Optimizing Orlando: An Interview with Rosa Akhtarkhavari, Chief Information Officer, City of Orlando
Source: Smart Cities Connect on June 6, 2017 | Chelsea Collier
Orlando’s Chief Information Officer (CIO), Rosa Akhtarkhavari, wants to save lives using connected technology. And as more urban areas across the globe are utilizing data collected from sensors, cameras and devices to become smart cities, Akhtarkhavari and the City of Orlando are working hard to build a smarter Orlando.
A smart city improves the efficiency of city operations and the quality of life for its citizens while growing the local economy thanks to data-driven insights. A recent Wall Street Journal lists “the growth of cloud computing; new developments in machine learning; the Internet of Things; and the widespread use of smartphone apps and mobile devices” as key drivers of the smart city movement.
Every city must balance the responsibility of providing services to residents and planning for an unknown future. But what makes Orlando unique is that they have already done the hard work. To date, Orlando has replaced legacy applications with optimized solutions, invested in wireless infrastructure, re-engineered business processes and built relationships between departments to empower agile planning and data-informed responses.
Under Mayor Dyer’s direction, Orlando’s goal to become one of the world’s most “open,” intelligent, interconnected and efficient cities is well underway, with the city leveraging its position as an international destination to showcase smart city initiatives and practices.
Orlando’s use of advanced technologies to improve public safety signals is a key example. The initiative is in the final pre-rollout stages and will equip those on the front lines – law enforcement officers and emergency responders – with body cameras backed up by video surveillance footage, all of which is connected to a central command station. Thanks to edge analytics partnerships, including a robust communications infrastructure and engaged social media platforms, city responders will be able to receive immediate information to help them make decisions fast. Benefits will also stretch to emergencies and disasters situations, in addition to more routine items like optimizing routing and making fire permitting and inspections appointments.
Akhtarkhavari and her team are also placing emphasis on partnerships both within the city and the private sector, resulting in data-driven decisions made in real time that provide first responders with immediate and accurate information that can have life-changing impacts.
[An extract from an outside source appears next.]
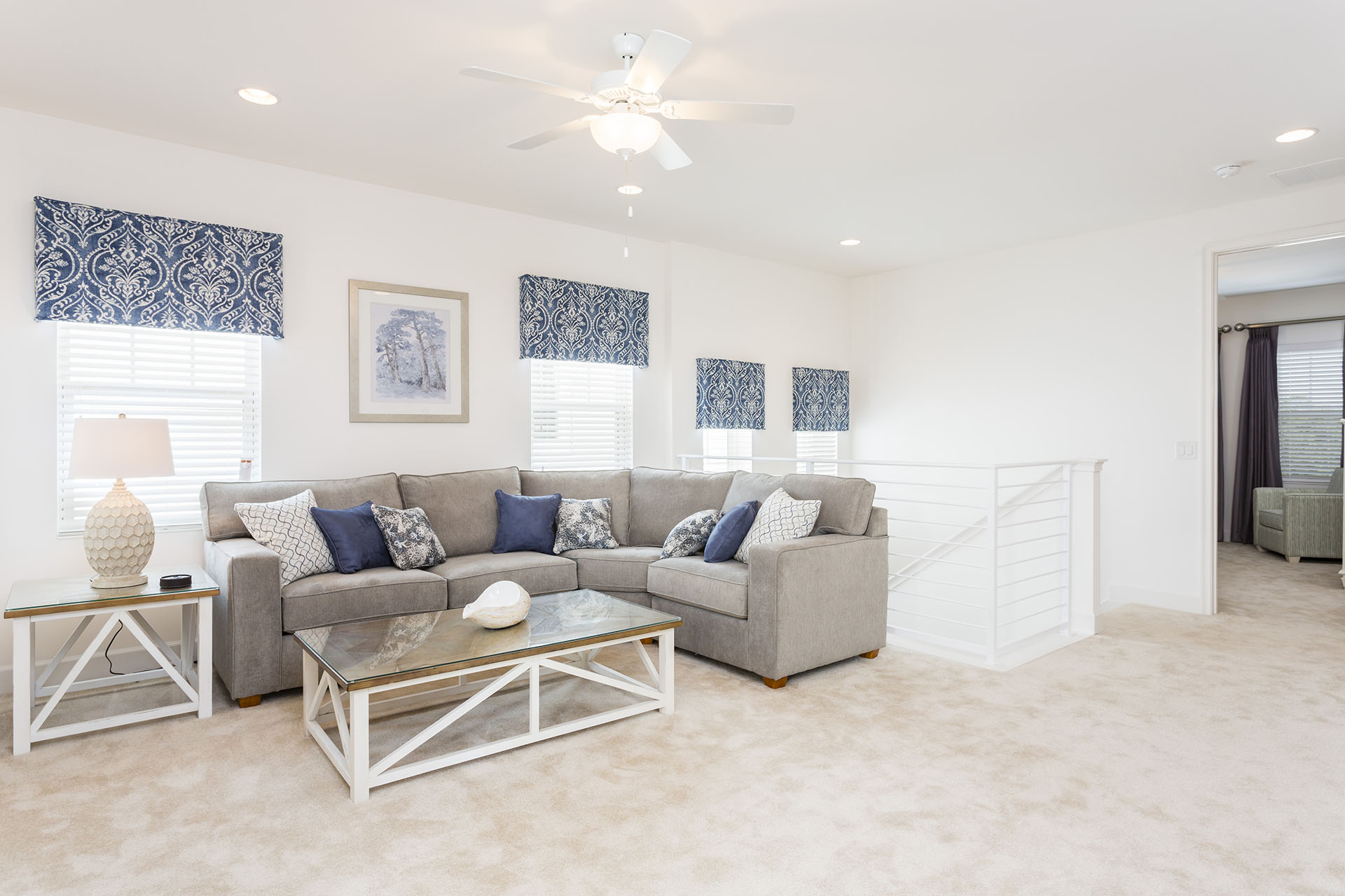 Upper floor loft area has a large flat screen TV and a comfortable sectional

“Our public safety officers want reliable information. It is our job to get it to them quickly so they can do their best job,” says Akhtarkhavari. “We have great relationships between our departments. We aren’t order takers, we are partners and work together to provide value.”
With the incredible volume of data collected, Akhtarkhavari is vigilant about collaborating with utility and communication companies to ensure technology solutions have power and connectivity. Part of this entails deployment of small cells to relieve wireless network congestion, which is critical given the amount of data being collected and streamed. And if this expansion continues, Orlando will be on track to power even smarter city solutions.
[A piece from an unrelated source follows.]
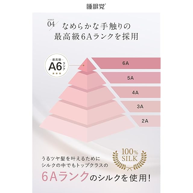 【なめらかな手触りの最高級6Aランクシルク】うるツヤ髪を叶えるため、表面は6Aランクシルクを100%使用しています

Akhtarkhavari prioritizes systems and solutions that are secure, scalable and sustainable, and ultimately align with the Smart Orlando vision. She states, “By embedding technology in all aspects of the City, we can streamline operations and share data across business functions to increase the efficiency and accuracy of our service delivery. Using a data-driven approach helps us produce pertinent information while also keeping in mind the interlinked relation between systems and infrastructure.”
The end goal? Delivering positive user experiences to both city personnel and the public, including residents and more than 66 million annual visitors.
While success in Orlando continues to grow, the lead-up was a long time in the making. “Teamwork is required to develop a smart city vision and execute it,” recommends Akhtarkhavari to fellow city planners. “It is important to align city leadership and sponsorship and communication. The more a team is aware of the plan and its progress, the more value they are able to deliver.”
Akhtarkhavari also recommends cities utilize an opportunistic vision, like Orlando’s, in making the most out of every initiative and project. “Identify your city’s strengths, opportunities and possible areas of improvement. Create a plan to manage risks by balancing operations, security and a respect for privacy. And then you deliver results.”
There is a tide of innovation sweeping through Orlando, thanks to leaders like Mayor Dyer and Akhtarkhavari. Residents of “The City Beautiful” should stay engaged because a smarter, more connected and more responsive Orlando is emerging.